DATA SHOWN START

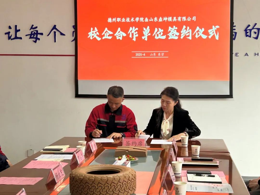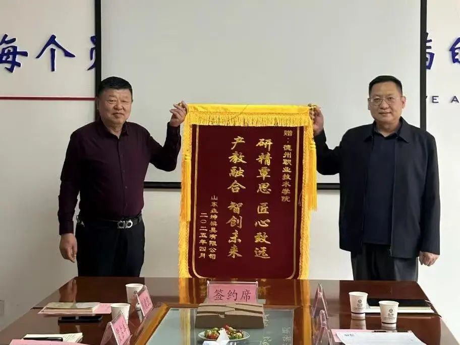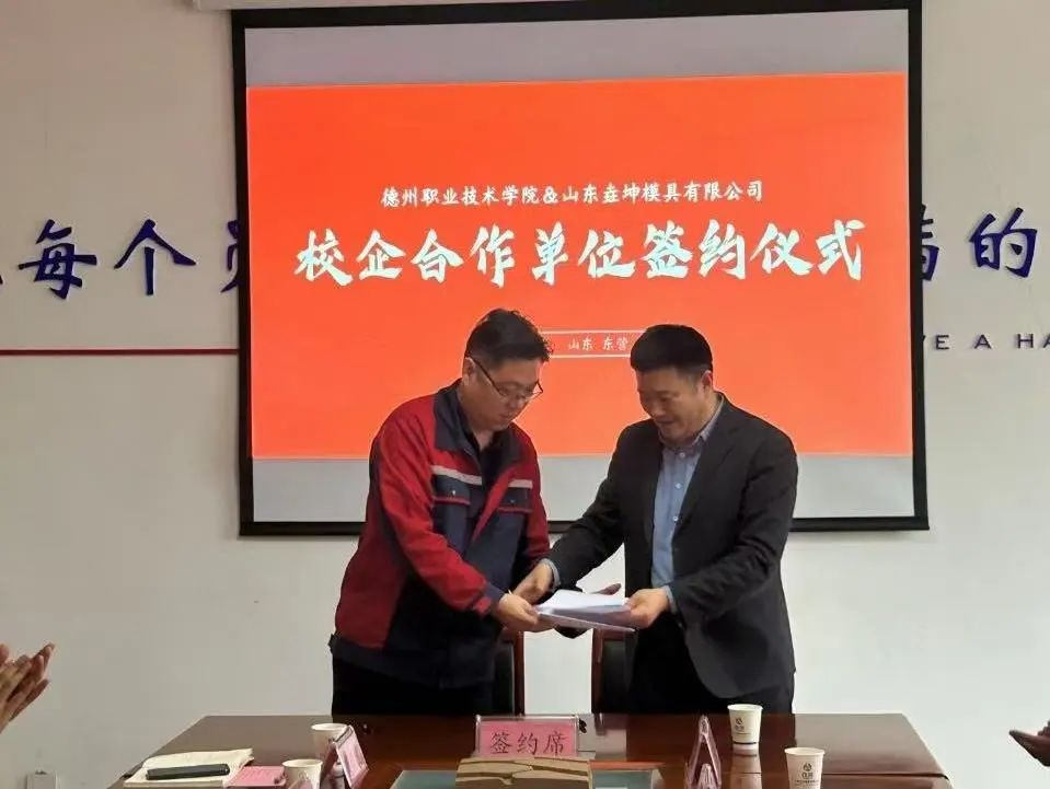 在山东垚坤模具有限公司,双方召开座谈会,就人才培养、科技研发需求及方向进行深入探讨,初步达成合作意向,并签订产学研合作协议。山东垚坤模具有限公司对beat365官网在人才输送及科技攻关方面给予的大力支持表示感谢并赠送锦旗。高强创新工作室成功完成了双方前期合作的穿管机器人科技研发项目,双方签订下一步技术开发合作协议。
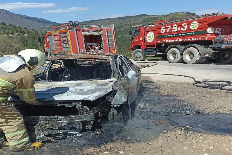 Karabük’ün Safranbolu ilçesinde seyir halindeki otomobil yanarak kullanılmaz hale geldi.
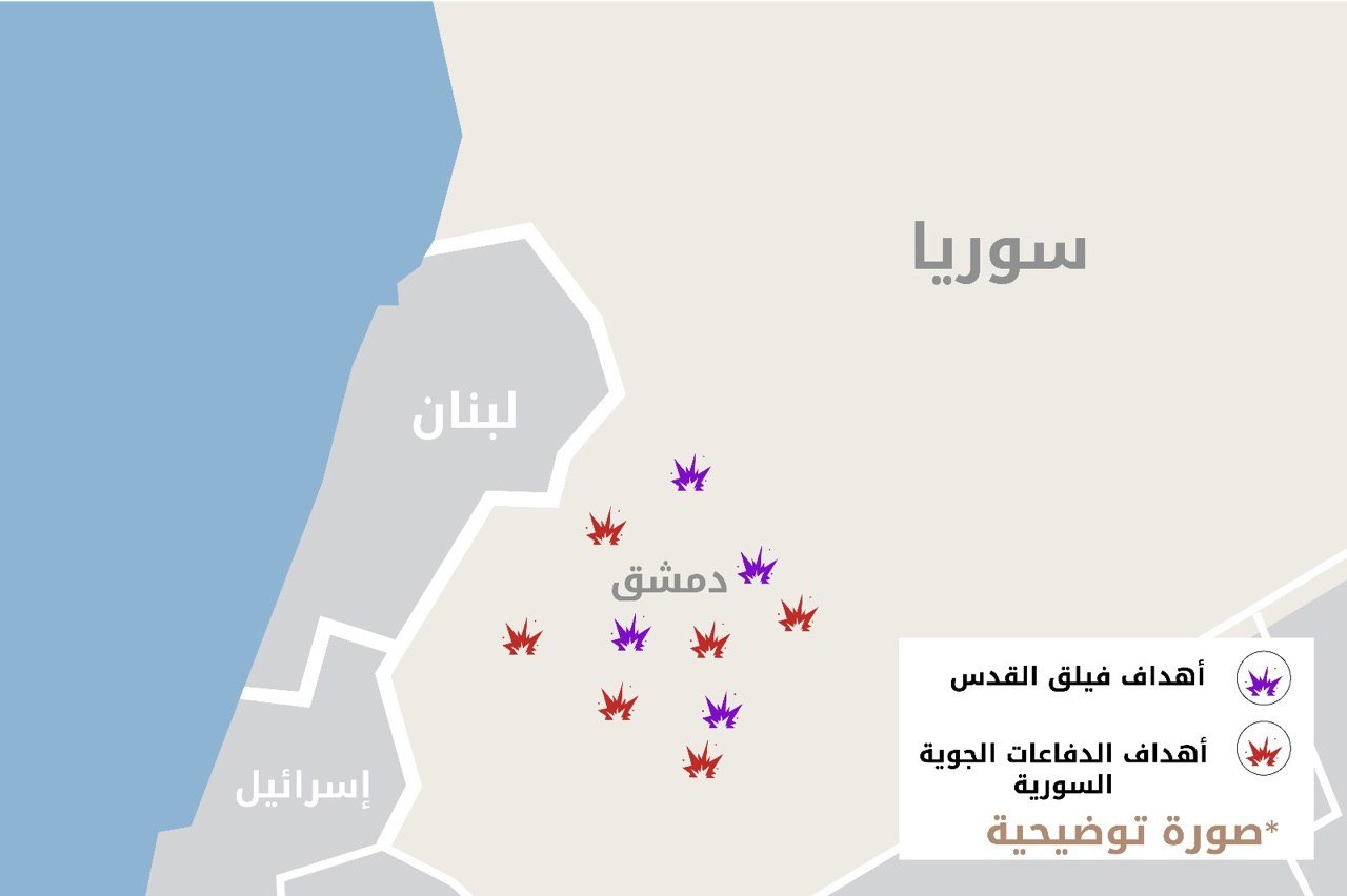 وبحسب ما نشر الناطق باسم الجيش الاسرائيلي على "تويتر" فان العدوان الاسرائيلي استهدف مواقع تابعة "لفيلق القدس" الايراني في سوريا ومن بينها "مواقع تخزين وسائل قتالية وفِي مقدمتها موقع داخل مطار دمشق الدولي بالاضافة الى موقع استخبارات إيراني ومعسكر تدريب إيراني".

DATA SHOWN END

__TASK TO CARRY OUT__: Each word of the data should be repeated exactly, and the pictures left out.

__SOLUTION FOR THIS EXERCISE__:
 在山东垚坤模具有限公司,双方召开座谈会,就人才培养、科技研发需求及方向进行深入探讨,初步达成合作意向,并签订产学研合作协议。山东垚坤模具有限公司对beat365官网在人才输送及科技攻关方面给予的大力支持表示感谢并赠送锦旗。高强创新工作室成功完成了双方前期合作的穿管机器人科技研发项目,双方签订下一步技术开发合作协议。
 Karabük’ün Safranbolu ilçesinde seyir halindeki otomobil yanarak kullanılmaz hale geldi.
 وبحسب ما نشر الناطق باسم الجيش الاسرائيلي على "تويتر" فان العدوان الاسرائيلي استهدف مواقع تابعة "لفيلق القدس" الايراني في سوريا ومن بينها "مواقع تخزين وسائل قتالية وفِي مقدمتها موقع داخل مطار دمشق الدولي بالاضافة الى موقع استخبارات إيراني ومعسكر تدريب إيراني".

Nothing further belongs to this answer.